Но кто достигал в своей жизни истинного боговидения? Только подвижники веры. Их святая жизнь поэтому может являться единственным гарантом истинности их боговидения, их богословия. Возразят: и святые расходились во мнениях, и они спорили между собой. Верно. Поэтому в Православии критерием истинности является не просто мнение того или иного отца, но их согласное учение (сonsensus patrum) по конкретному вопросу. Ибо когда множество святых отцов разных времен, народов, образования, часто не зная друг друга, согласно утверждают одно и то же, то совершенно ясно, что здесь говорит уже не просто ум, эрудиция человека, не его домыслы, а голос Святого Духа. Да, и такими вопросами, как правило, являлись самые основные: вероучительные и аскетические. Это хорошо выражено в основополагающем правиле: In necessariis unitas, in dubiis libertas, in omnibus charitas («В главном — единство, во второстепенном — свобода, во всем — любовь»). Такое согласие отцов действительно — основа истинного богословия.

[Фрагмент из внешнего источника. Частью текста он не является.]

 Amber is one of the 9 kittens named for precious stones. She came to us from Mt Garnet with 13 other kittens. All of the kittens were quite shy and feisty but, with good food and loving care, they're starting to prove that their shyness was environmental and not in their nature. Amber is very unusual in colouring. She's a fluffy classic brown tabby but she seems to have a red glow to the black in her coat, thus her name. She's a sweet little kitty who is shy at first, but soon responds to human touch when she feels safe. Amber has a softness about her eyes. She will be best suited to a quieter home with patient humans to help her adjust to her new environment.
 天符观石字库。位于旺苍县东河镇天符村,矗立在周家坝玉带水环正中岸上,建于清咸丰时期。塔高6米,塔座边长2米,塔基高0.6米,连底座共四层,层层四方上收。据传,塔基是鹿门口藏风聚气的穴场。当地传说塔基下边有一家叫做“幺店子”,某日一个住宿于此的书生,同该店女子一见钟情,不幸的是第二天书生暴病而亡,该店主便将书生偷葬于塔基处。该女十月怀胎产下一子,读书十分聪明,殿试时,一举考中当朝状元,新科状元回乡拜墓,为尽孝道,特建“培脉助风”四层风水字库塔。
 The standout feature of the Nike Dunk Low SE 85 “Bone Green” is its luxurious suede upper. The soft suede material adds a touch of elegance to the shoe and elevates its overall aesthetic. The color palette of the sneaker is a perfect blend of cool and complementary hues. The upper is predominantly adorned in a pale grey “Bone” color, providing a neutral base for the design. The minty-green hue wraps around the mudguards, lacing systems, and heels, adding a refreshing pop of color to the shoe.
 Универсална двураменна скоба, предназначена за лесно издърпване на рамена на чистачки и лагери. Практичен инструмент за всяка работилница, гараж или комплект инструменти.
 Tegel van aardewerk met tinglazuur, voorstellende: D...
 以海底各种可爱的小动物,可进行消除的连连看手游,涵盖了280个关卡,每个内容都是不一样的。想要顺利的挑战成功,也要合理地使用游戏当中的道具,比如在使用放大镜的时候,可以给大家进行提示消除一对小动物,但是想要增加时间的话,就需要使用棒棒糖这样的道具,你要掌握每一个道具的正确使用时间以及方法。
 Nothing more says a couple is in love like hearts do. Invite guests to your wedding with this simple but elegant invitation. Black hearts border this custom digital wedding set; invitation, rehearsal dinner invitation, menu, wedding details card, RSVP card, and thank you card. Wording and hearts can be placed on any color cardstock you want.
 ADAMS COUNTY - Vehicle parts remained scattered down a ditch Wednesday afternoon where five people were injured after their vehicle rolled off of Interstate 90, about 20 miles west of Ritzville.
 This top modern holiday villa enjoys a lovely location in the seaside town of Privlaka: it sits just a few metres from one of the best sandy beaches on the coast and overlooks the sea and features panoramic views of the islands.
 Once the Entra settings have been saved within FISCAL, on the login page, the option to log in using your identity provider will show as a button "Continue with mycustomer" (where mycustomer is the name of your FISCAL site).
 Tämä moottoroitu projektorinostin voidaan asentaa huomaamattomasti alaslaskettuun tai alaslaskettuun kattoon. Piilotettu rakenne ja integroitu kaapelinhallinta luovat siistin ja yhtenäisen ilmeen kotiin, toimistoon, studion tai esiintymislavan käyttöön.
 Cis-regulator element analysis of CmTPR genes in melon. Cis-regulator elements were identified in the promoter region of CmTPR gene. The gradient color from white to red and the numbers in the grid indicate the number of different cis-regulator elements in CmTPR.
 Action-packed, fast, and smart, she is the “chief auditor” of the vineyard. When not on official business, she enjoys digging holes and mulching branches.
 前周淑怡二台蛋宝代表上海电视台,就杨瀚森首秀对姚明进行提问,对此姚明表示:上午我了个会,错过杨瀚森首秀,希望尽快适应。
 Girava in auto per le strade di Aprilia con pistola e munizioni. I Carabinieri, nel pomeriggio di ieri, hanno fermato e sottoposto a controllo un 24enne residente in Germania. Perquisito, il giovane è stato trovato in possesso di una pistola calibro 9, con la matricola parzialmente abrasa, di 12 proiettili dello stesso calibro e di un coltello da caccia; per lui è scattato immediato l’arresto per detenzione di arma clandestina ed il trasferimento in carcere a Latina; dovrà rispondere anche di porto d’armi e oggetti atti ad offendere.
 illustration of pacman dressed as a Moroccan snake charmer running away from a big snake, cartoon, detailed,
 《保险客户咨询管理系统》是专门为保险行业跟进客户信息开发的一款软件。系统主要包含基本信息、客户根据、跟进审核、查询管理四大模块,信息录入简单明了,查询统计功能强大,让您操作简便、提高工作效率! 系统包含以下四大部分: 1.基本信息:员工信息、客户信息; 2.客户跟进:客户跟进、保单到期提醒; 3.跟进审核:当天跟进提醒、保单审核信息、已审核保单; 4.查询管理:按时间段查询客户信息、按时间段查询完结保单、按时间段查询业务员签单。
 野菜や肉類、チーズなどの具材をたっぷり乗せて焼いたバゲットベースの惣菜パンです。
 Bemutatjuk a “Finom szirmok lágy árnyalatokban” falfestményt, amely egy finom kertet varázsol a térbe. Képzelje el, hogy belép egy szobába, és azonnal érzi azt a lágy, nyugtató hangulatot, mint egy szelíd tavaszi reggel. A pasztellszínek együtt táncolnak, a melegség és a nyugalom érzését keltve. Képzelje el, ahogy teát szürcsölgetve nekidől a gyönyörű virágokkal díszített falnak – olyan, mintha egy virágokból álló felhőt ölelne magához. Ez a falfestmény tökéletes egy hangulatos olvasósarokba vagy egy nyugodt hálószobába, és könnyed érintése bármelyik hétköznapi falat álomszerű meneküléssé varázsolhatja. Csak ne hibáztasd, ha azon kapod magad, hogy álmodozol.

Так было на Вселенских Соборах, которые иногда месяцами продолжались. Почему так долго? Потому что читали, изучали святых отцов по обсуждаемому вопросу. Спорили. Это была очень трудная работа. Нужно было узнать, что пишет Василий, Афанасий, Григорий, прочие. Таким образом отцы приходили к единому убеждению и принимали окончательное суждение. Об этом великолепно сказал преподобный Симеон Новый Богослов (Х век): «И [таковой человек]... всем другим [то] описывает, излагая богоприличные догматы, как все предшествовавшие святые отцы учат; ибо таким образом они божественный символ сложили».
Есть два вида богословия, которые принимаются Церковью. Первое — когда им занимается святой человек, достигший чистоты сердца. Его учение, согласное с учением других святых отцов, и является истинным богословием.
А когда по какому-то вопросу такого учения нет, то остается широкое поле для мысли при условии отсутствия противоречий со Священным Писанием и святоотеческим Преданием Церкви.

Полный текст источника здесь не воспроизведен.